**Your goal:** Copy the records below exactly, omitting any pictures they contain.

**Data:**
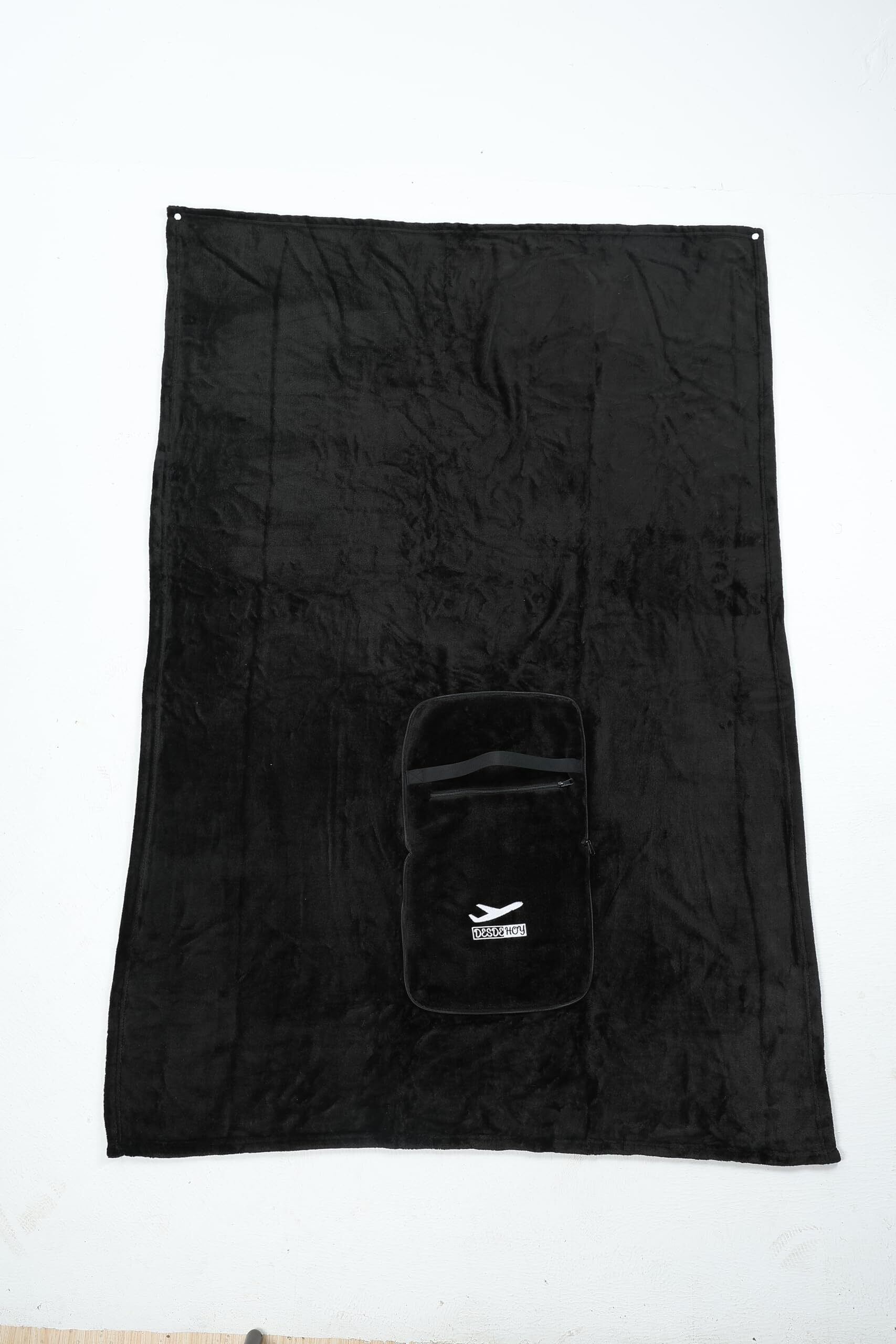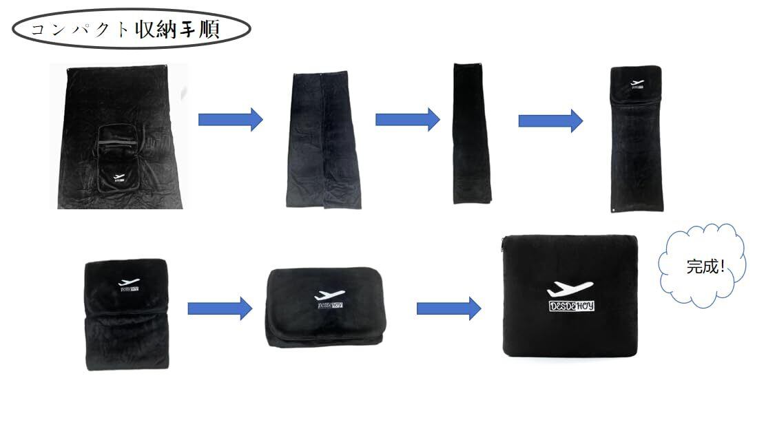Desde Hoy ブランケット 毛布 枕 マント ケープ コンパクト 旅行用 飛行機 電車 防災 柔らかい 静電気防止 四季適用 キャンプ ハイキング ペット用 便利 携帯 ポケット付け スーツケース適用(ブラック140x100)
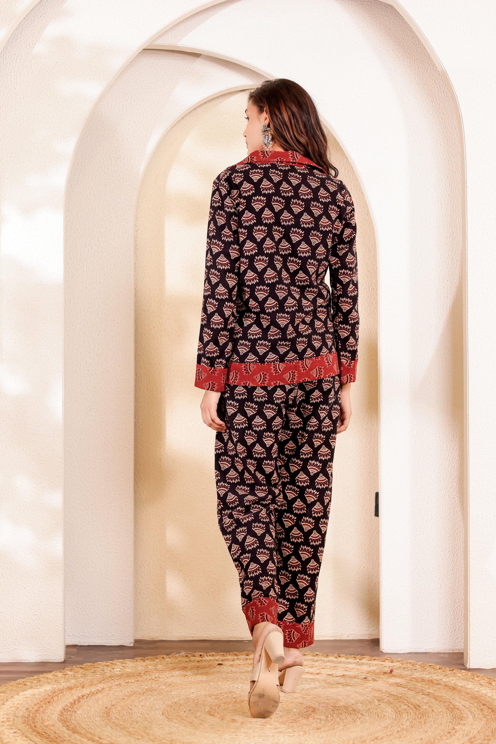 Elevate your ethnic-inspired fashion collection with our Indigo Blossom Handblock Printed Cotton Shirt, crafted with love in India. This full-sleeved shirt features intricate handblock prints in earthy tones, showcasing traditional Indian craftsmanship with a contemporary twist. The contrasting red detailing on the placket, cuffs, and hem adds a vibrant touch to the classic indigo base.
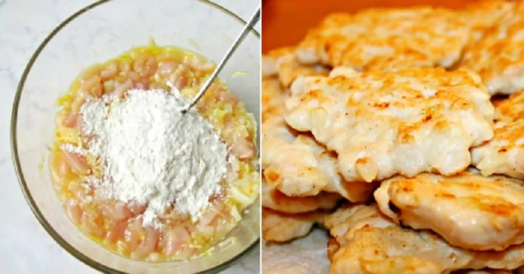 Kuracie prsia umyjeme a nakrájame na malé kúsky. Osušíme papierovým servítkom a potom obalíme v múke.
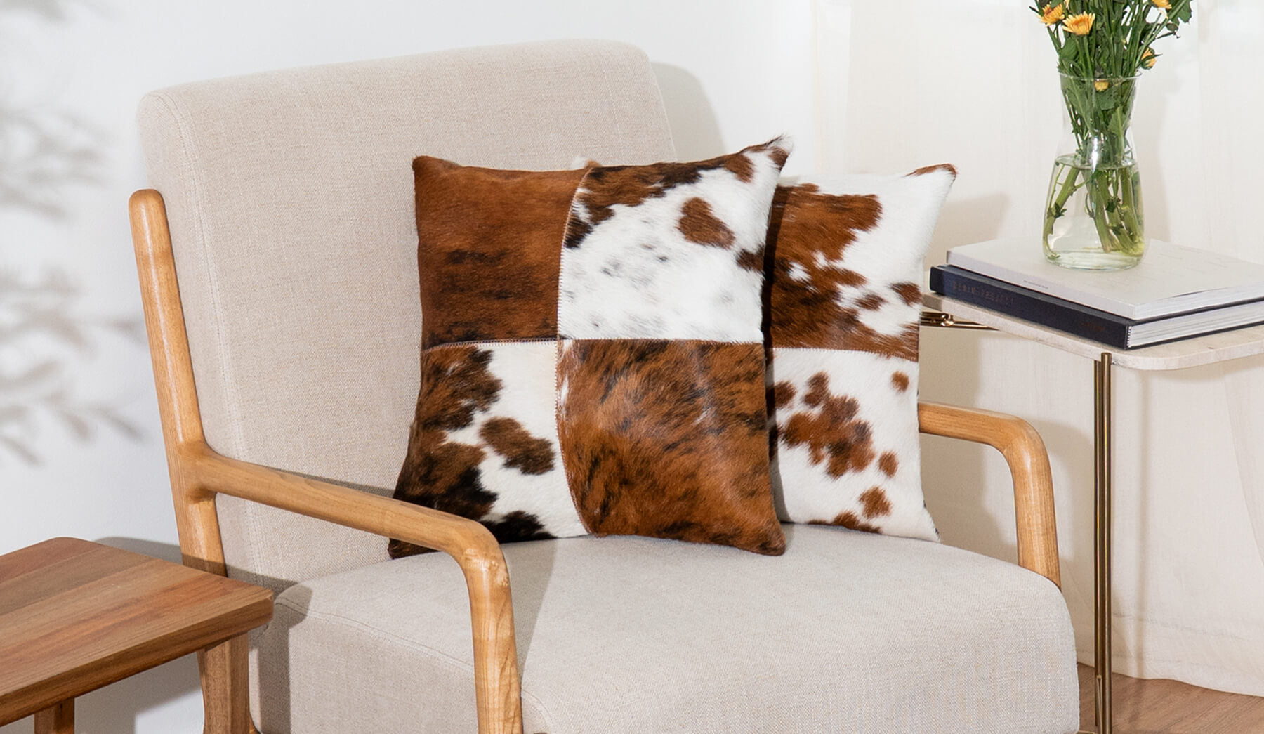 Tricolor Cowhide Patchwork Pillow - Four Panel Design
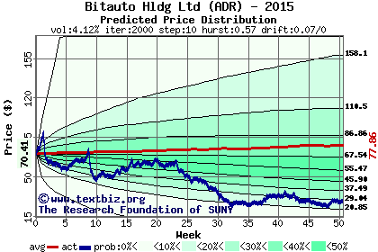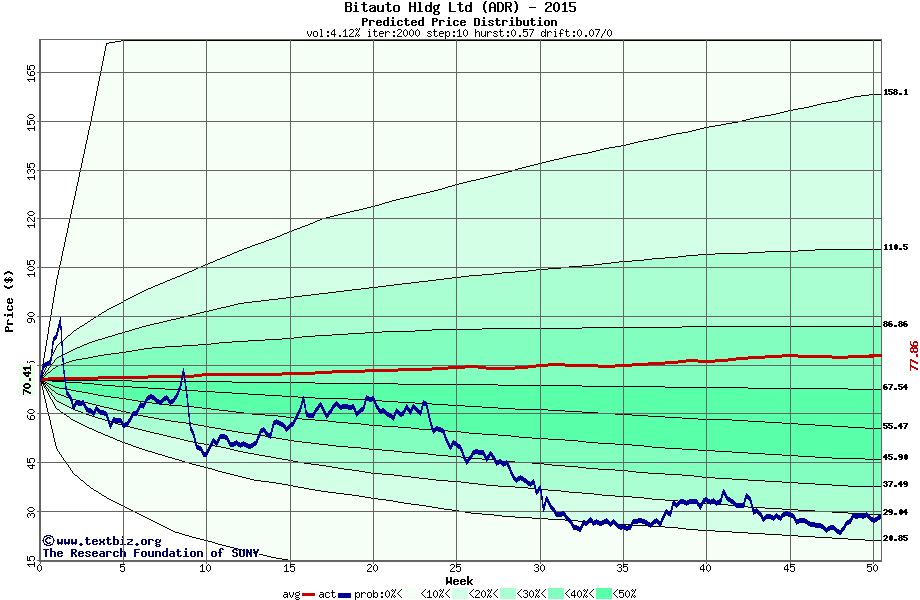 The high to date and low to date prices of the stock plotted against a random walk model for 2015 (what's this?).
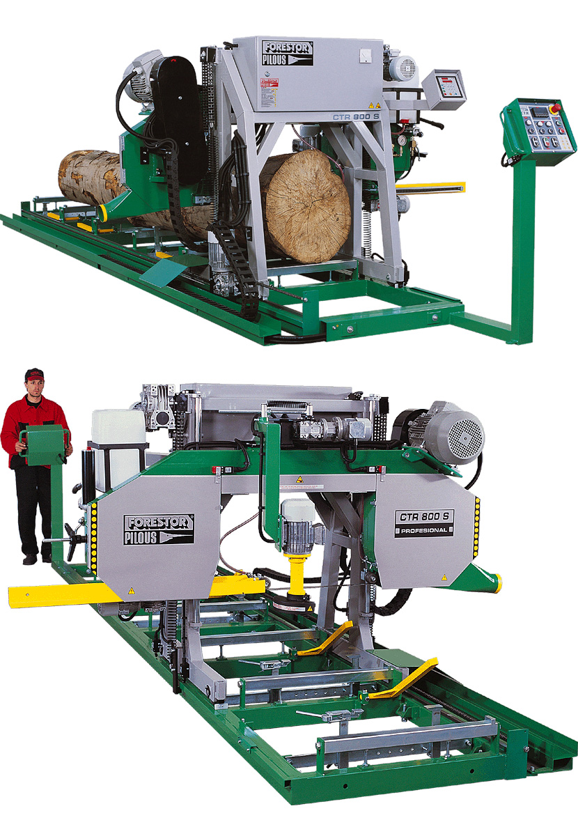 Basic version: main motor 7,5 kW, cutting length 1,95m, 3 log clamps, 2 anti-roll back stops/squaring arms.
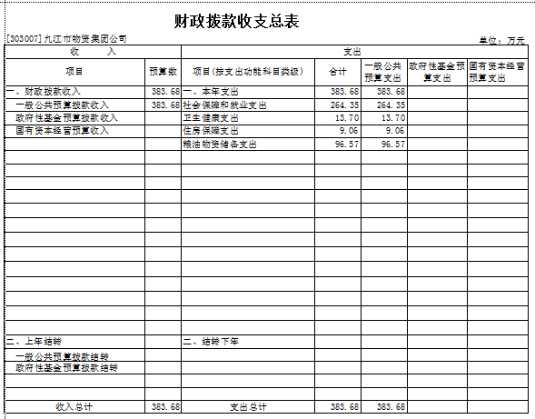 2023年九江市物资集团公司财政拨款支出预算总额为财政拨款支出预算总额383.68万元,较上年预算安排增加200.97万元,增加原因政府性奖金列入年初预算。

**Task result:**
Desde Hoy ブランケット 毛布 枕 マント ケープ コンパクト 旅行用 飛行機 電車 防災 柔らかい 静電気防止 四季適用 キャンプ ハイキング ペット用 便利 携帯 ポケット付け スーツケース適用(ブラック140x100)
 Elevate your ethnic-inspired fashion collection with our Indigo Blossom Handblock Printed Cotton Shirt, crafted with love in India. This full-sleeved shirt features intricate handblock prints in earthy tones, showcasing traditional Indian craftsmanship with a contemporary twist. The contrasting red detailing on the placket, cuffs, and hem adds a vibrant touch to the classic indigo base.
 Kuracie prsia umyjeme a nakrájame na malé kúsky. Osušíme papierovým servítkom a potom obalíme v múke.
 Tricolor Cowhide Patchwork Pillow - Four Panel Design
 The high to date and low to date prices of the stock plotted against a random walk model for 2015 (what's this?).
 Basic version: main motor 7,5 kW, cutting length 1,95m, 3 log clamps, 2 anti-roll back stops/squaring arms.
 2023年九江市物资集团公司财政拨款支出预算总额为财政拨款支出预算总额383.68万元,较上年预算安排增加200.97万元,增加原因政府性奖金列入年初预算。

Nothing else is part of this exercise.